The lake trip the next day was really good though. We took a songthaew for two hours to the lake and then a longtail boat for two hours to the far side. The scenery was spectacular as there were huge limestone outcrops on both sides and half submerged trees from before the dam was built. At the other side of the lake was an isolated floating guesthouse. When we got there we wished we had booked the two day trip with an overnight stay as it was so nice. Each room had a little balcony on the lake side from which you could swim.

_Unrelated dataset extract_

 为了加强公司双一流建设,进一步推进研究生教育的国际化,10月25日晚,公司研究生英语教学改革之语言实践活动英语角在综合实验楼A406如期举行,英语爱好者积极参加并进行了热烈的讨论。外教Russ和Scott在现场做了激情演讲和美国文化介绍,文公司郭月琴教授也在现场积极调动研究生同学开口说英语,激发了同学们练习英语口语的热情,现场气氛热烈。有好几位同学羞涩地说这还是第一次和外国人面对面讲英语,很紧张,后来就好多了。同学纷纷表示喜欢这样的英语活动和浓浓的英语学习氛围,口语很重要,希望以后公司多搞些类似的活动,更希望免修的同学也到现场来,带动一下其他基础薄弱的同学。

After some lunch and a swim, we were about to start the hiking trail when the guide casually told us that we couldn't take anything that we minded getting wet as we would have to swim through a cave. This was news to us. He took our passports and money with him in a dry bag but we had to leave our bags and cameras. We took a boat the 50m along the lake to the start of the trail. As we pulled away, the boat driver tried to light his cigarette and ended up falling out of the boat - luckily there were two other guides in the boat to take control and go and get him. None of us could stop laughing.

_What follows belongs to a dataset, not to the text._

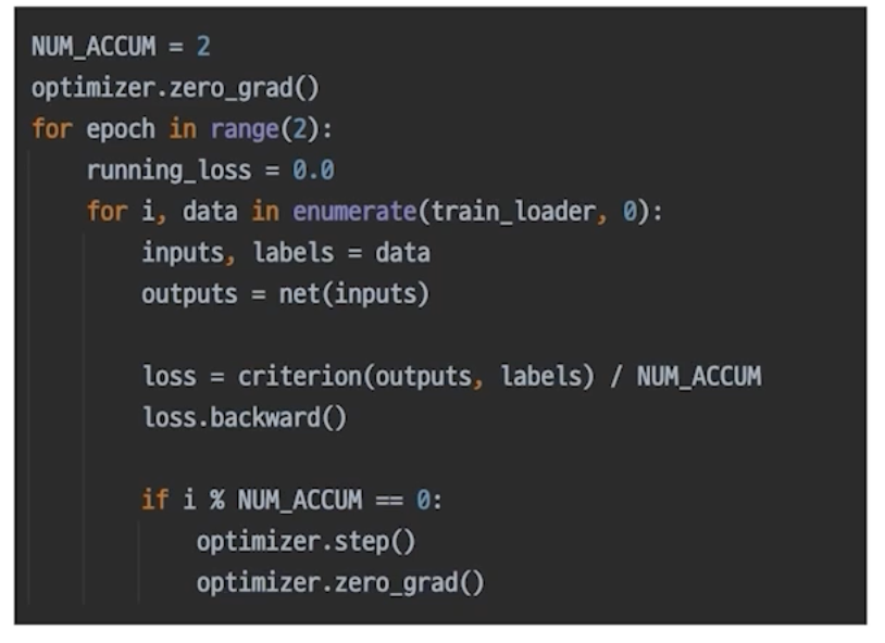 Training Process에 어느정도 익숙해지셨다면 Gradient Accumulation을 내 프로젝트에 적용시켜보세요. 적용한다고 반드시 성능이 올라가는 것은 아닐겁니다. 적용을 했다면 전후 성능 비교를 해봐야겠지요?

The hiking trail to the cave was scenic and quite easy despite having to wade up the river for most of it. We had four guides for our group of eight and they were all a really good laugh (one of them still soaking wet). After an hour or so we got to the cave. The two Italians who were on our trip decided to walk round instead so two of the guides went with them. The rest of us were given waterproof torches and we went in. Initially the cave was very big, the water was only ankle deep and there was often a dry section to walk on. We soon lost sight of daylight and could see bats and stalactites hanging from the roof. After about 20 minutes we came to a waterfall. We then backtracked slightly and entered a narrower side cave. There was a brief deep section up to our shoulders and then the cave got lower and required some climbing over rocks. Another 10 minutes later and we got to a long narrow channel that we had to swim through. There were ropes strung all along and the guides helped us. A short walk later and we sighted daylight. We came out in another cave and found the others waiting for us. From here it was only a 30 minute walk back to the boat.
After a drink at the floating guesthouse we took the long-tailed boat back across the lake. The same boat driver as before was driving and his earlier accident hadn't stopped him chain smoking the whole way back. When we got back to the songthaew, as it was Christmas Eve, everyone bought beer from the stalls there for the journey back. We had to get the songthaew driver to stop lots of times for toilet breaks. Back at Art's we had more drinks and their Christmas barbeque.
Christmas Day was a bit quieter as all the people we had met the day before were leaving. We lazed about all day and then had fish and rice for our Christmas dinner in a Thai restaurant. The next day we took a minibus to Surat Thani to catch the overnight train to Bangkok.